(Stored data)

- - -

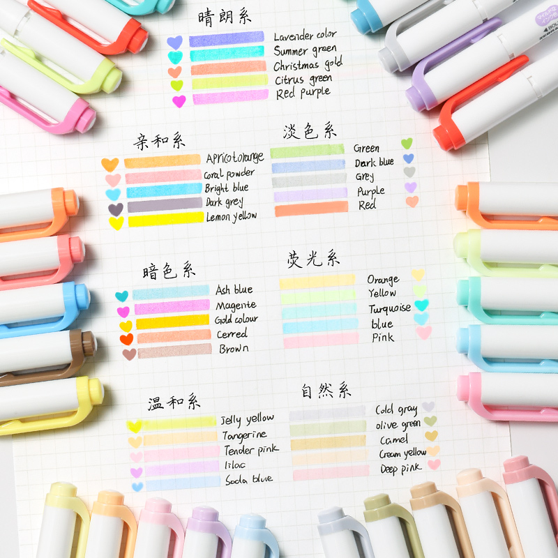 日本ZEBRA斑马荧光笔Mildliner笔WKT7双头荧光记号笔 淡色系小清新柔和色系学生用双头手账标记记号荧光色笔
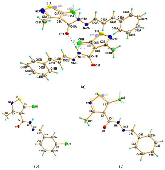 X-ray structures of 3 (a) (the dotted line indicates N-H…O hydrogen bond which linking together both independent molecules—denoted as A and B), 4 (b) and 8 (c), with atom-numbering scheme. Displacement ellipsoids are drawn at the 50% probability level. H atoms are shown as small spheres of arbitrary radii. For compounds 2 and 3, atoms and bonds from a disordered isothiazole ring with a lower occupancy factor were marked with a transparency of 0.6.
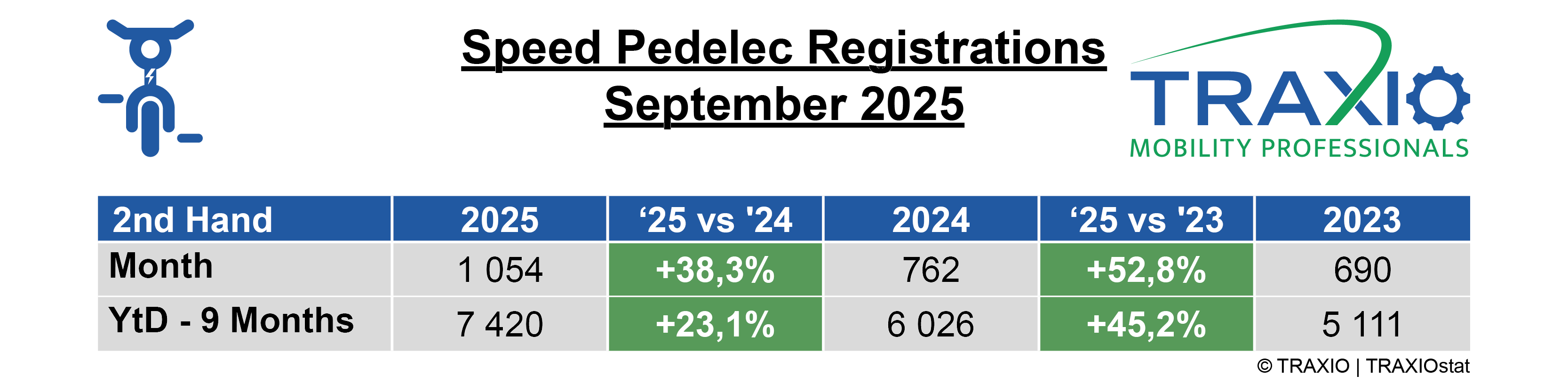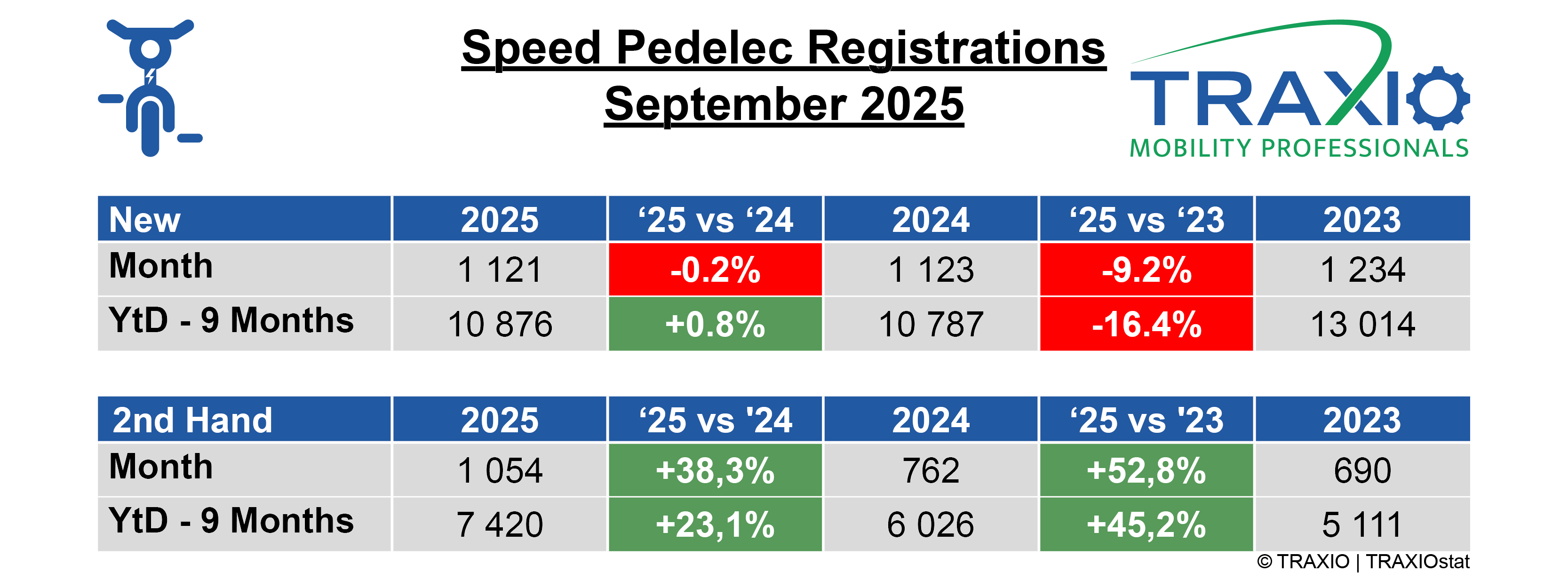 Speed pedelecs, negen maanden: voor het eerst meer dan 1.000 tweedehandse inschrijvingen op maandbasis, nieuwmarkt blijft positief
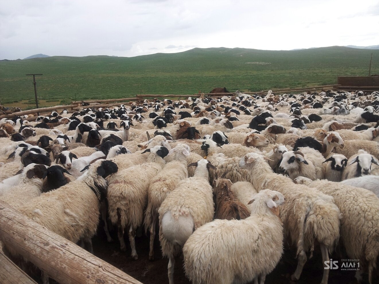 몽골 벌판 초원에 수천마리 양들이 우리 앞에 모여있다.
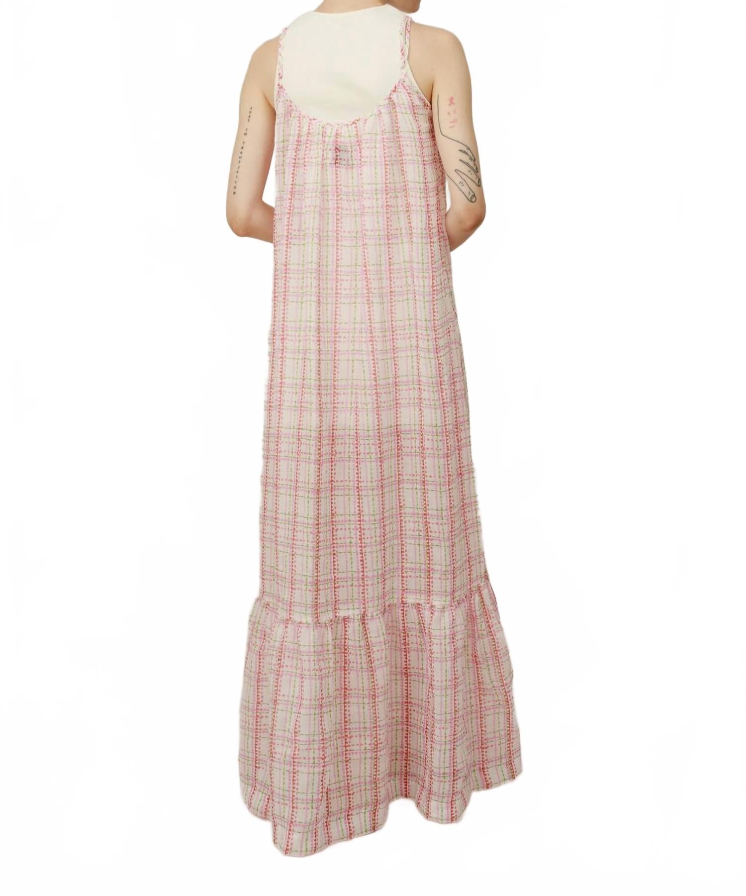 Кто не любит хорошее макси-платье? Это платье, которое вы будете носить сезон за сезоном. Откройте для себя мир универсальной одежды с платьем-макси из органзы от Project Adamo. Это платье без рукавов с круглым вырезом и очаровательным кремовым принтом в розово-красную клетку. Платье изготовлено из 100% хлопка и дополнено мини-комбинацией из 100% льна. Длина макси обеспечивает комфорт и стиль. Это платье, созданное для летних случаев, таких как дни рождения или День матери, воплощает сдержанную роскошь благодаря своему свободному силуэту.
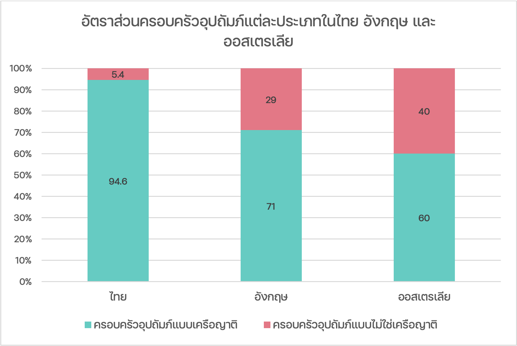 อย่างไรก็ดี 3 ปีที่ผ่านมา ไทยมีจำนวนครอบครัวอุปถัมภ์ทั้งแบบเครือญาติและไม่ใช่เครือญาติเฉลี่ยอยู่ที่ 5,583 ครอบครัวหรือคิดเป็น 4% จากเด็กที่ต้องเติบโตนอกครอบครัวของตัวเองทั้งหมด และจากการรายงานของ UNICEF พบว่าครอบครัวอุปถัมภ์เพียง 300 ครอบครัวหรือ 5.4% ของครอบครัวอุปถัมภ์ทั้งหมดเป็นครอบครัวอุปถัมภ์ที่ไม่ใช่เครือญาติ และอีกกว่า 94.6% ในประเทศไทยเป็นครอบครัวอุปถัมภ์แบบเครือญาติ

- - -

Give back exactly the lines above from the one with "X-ray structures of" through the one with "Speed pedelecs, negen", both included. Pictures don't belong in the copy.

TASK RESPONSE -
 X-ray structures of 3 (a) (the dotted line indicates N-H…O hydrogen bond which linking together both independent molecules—denoted as A and B), 4 (b) and 8 (c), with atom-numbering scheme. Displacement ellipsoids are drawn at the 50% probability level. H atoms are shown as small spheres of arbitrary radii. For compounds 2 and 3, atoms and bonds from a disordered isothiazole ring with a lower occupancy factor were marked with a transparency of 0.6.
 Speed pedelecs, negen maanden: voor het eerst meer dan 1.000 tweedehandse inschrijvingen op maandbasis, nieuwmarkt blijft positief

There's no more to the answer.